The business side of writing is not your enemy

 

Nobody can afford to treat money this way.

I have a meeting tomorrow with my agent and my Night Shade Books publicist, and we’re going to be talking about all the things we’ll be doing to launch MJ-12: Inception and, in doing so, introduce the MAJESTIC-12 series to the world. Why am I taking the time for this, rather than spending it on either A) the edits to said book; B) the outline of MJ-12 book two, or C) almost anything else?

For one, my involvement in marketing and publicity is a necessary thing. My publicist is great and hard working and all that stuff, but I’m just one title out of many she’ll be working on. And it will indeed fall to me to write the guest posts, respond to the interview questions, do the podcasts, etc. So of course I want a say in what those things are. If I didn’t do those things, they would not be done. Period.

Second, this isn’t my first rodeo. It’s my fourth, in fact, in terms of books. I have a ton of contacts, I’ve seen what works and what doesn’t. We authors do occasionally talk business and swap ideas, and I know by now where folks have had success with free books or swag, giveaways, etc. As a corollary to this, my day job is in marketing communications, so there’s experience there too. I know my way around a marketing plan.

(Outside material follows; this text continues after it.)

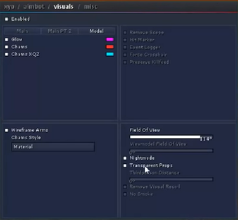 Чит имеет очень хороший Aim с хорошими настройками и всё что к нему прелогается, также не плохие Visualsнастройки.
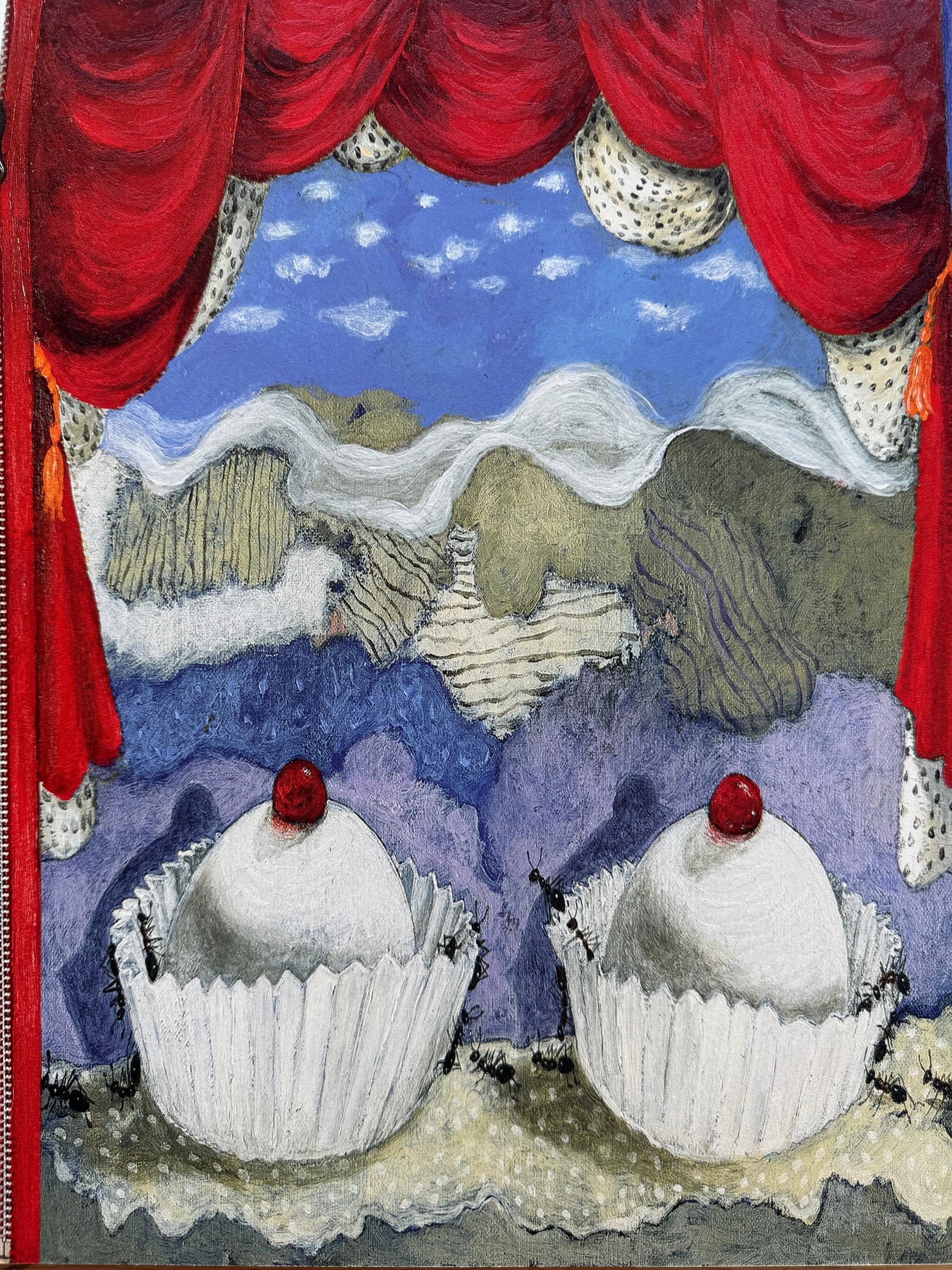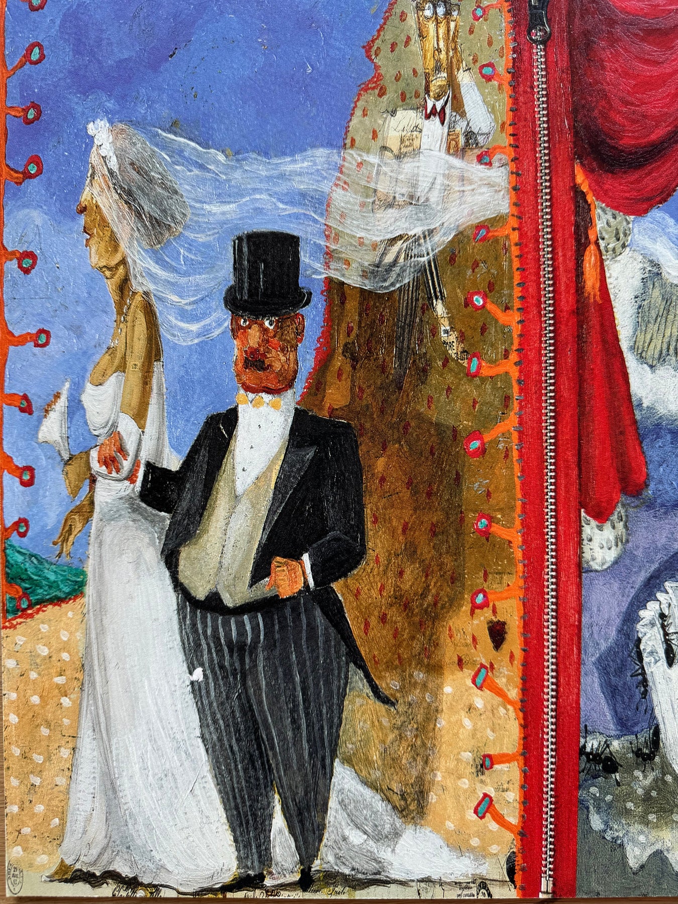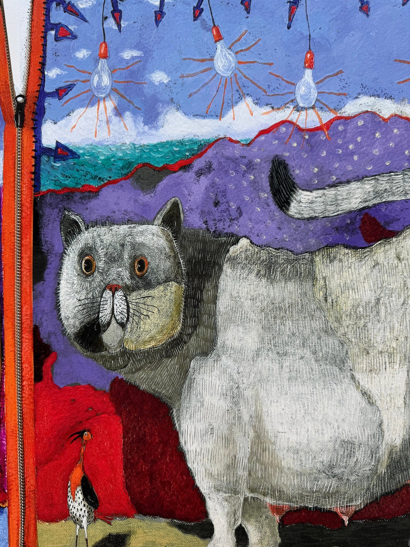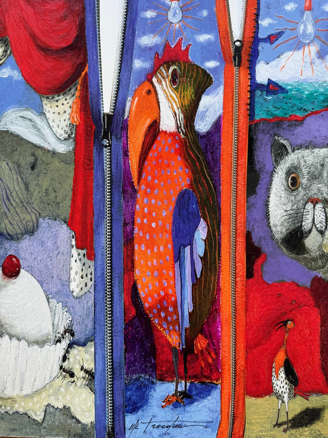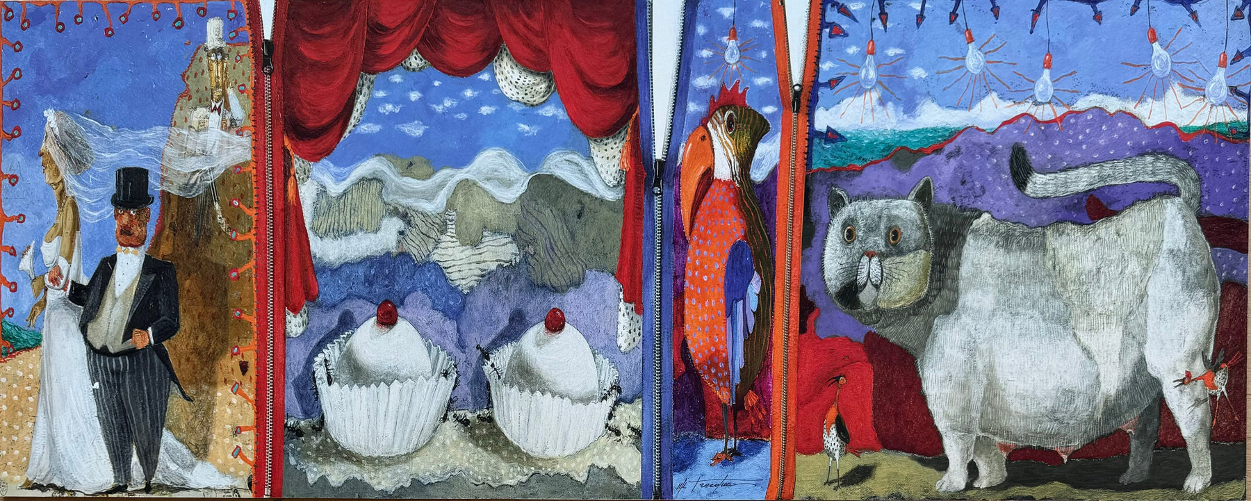 L'artista rappresenta gli eventi di ogni giorno in modo surreale, utilizzando l'ironia che da sempre contraddistingue il suo tratto: giocoso, fumettistico e colorato.

And finally, I generally take an active interest in the business side of things. I’m a former Wall Street reporter, after all, so business topics don’t scare me. I’ve learned how book sales and distribution work, why MJ-12: Inception is better off coming out in hardcover rather than paperback, how bookstores determine which books are face-out and which ones are on end-caps and tables (i.e. publishers pay for placement), and who makes what money when.

I am frequently amused by those authors, both would-be and established, who say they don’t pay attention to the business side of writing. It’s usually in the context of not wanting to sully themselves with something gauche (an exaggeration here, mind you), a lack of time to commit to it, or a discomfort with the notion of promoting yourself and your work though business channels.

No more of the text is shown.